In part this is because previous attempts at ‘naming and shaming’ following the Harvey Weinstein exposures failed to gather adequate steam. The widely circulated list of prominent academics ‘charged’ with misusing their position and authority to harass and sexually intimidate ‘vulnerable’ junior female colleagues and students, after the initial shock value faded out, this despite widespread knowledge of the prevalence of such behaviour. Barring the rare exception, few institutional spaces responded empathetically to the allegations, more concerned about potential loss of institutional reputation than ensuring justice to the ‘victim’. Even fewer made any attempt to strengthen the institutional mechanisms, and processes mandated under law to investigate and redress grievances related to sexual misconduct at the workplace.

The responses this time around, at least in the world of media and entertainment, generate greater hope with not only more women but men too coming out in support of ‘victims’ willing to publicly share their stories. Already many prominent personalities have been forced to apologize. Some have even had to step down or lose contracts as colleagues, friends, and even families have lined up against them. So far so good. But will this go further and help craft the social environment to facilitate institutional change? Already we are hearing complaints about kangaroo justice, dilution of the standards of due process and settling of individual scores and pursuit of individual agendas, a familiar trope in all situations when established social hierarchies and norms are sought to be challenged. An equally insidious form of undermining these fledgling attempts is to argue that this is but an intra-elite battle, that the real battle is about the many more, less glamorous unnamed victims, hinting that if permitted to continue unchecked, the current process will irretrievably damage prospects of a harmonious work environment since every action will now be read through a different lens marked by distrust.

Though tendentious and self-serving these and other similar arguments undermining attempts at gaining social equality cannot be lightly dismissed. There is little doubt that the ‘naming and shaming’ strategy is a blunt instrument, likely in its wake to seriously damage ‘innocents’ even as it ‘outs’ well entrenched, privileged perpetrators. It is also true that allegations are no proof of misconduct, social or legal. The process, even when it results in the ultimate vindication of the accused, leaves the person scarred. Equally, and this is rarely stressed sufficiently, recourse to ‘naming and shaming’ emanates from the weaknesses of the redressal system. The case against a prominent environmental academic has been dragging on for years, seemingly nowhere close to resolution. The fact that there is little empathy for the alleged ‘victim’ or social support only strengthens suspicion that such delays favour the powerful. Should we then be surprised that so many of those at the receiving end of social unconcern and institutional apathy favour recourse to blunt instrumentalities.
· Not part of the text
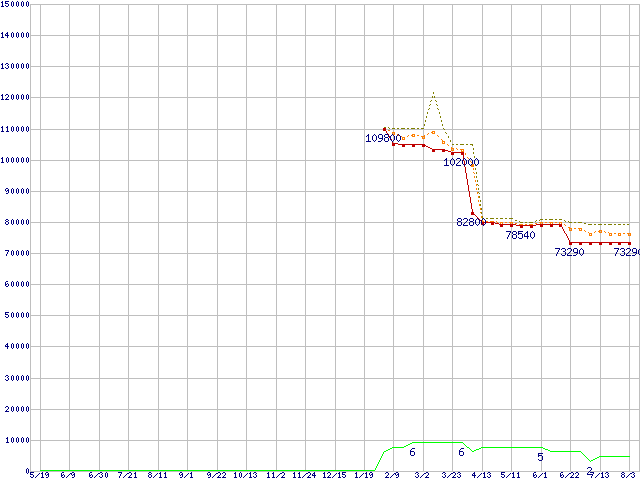| Athlon 64 FX-72 (2.8GHz) ※2個セットの価格の価格推移 | | | (2006年5月19日~2007年8月3日) |

In all situations when attempts have been made to ‘tweak’ conventional legal procedures to strengthen the prospects for justice for social groups – lightening the burden of proof, reversal of the presumption of innocence – and so on, because of recognition that conventional arrangements are inadequate, a hue and cry is raised about dilution of due process, most often by powerful groups now in the dock. Note the growing demand towards a reworking of these laws, seen as too harsh and unfair. And while this charge cannot be summarily dismissed, we equally need to recognize the fact that in our current system an overwhelming majority of such cases go unreported, are hushed up, do not enter the legal system, and in the rare cases they do, drag on for an inordinately long period and rarely result in conviction. Is this not subversion of justice?

Finally, it is worth considering why in matters of national security there is rarely a similar demand about burden of proof, the rights of the accused, or due process. If at all there is a growing clamour for further strengthening illiberal laws. In that lies a tale.

Going forward as a society we need to recognize the urgency of changing our social attitudes, reforming the social environment and strengthening institutional processes of redressal and justice. If not, fair or otherwise, we will experience more episodes of a Me Too like upsurge.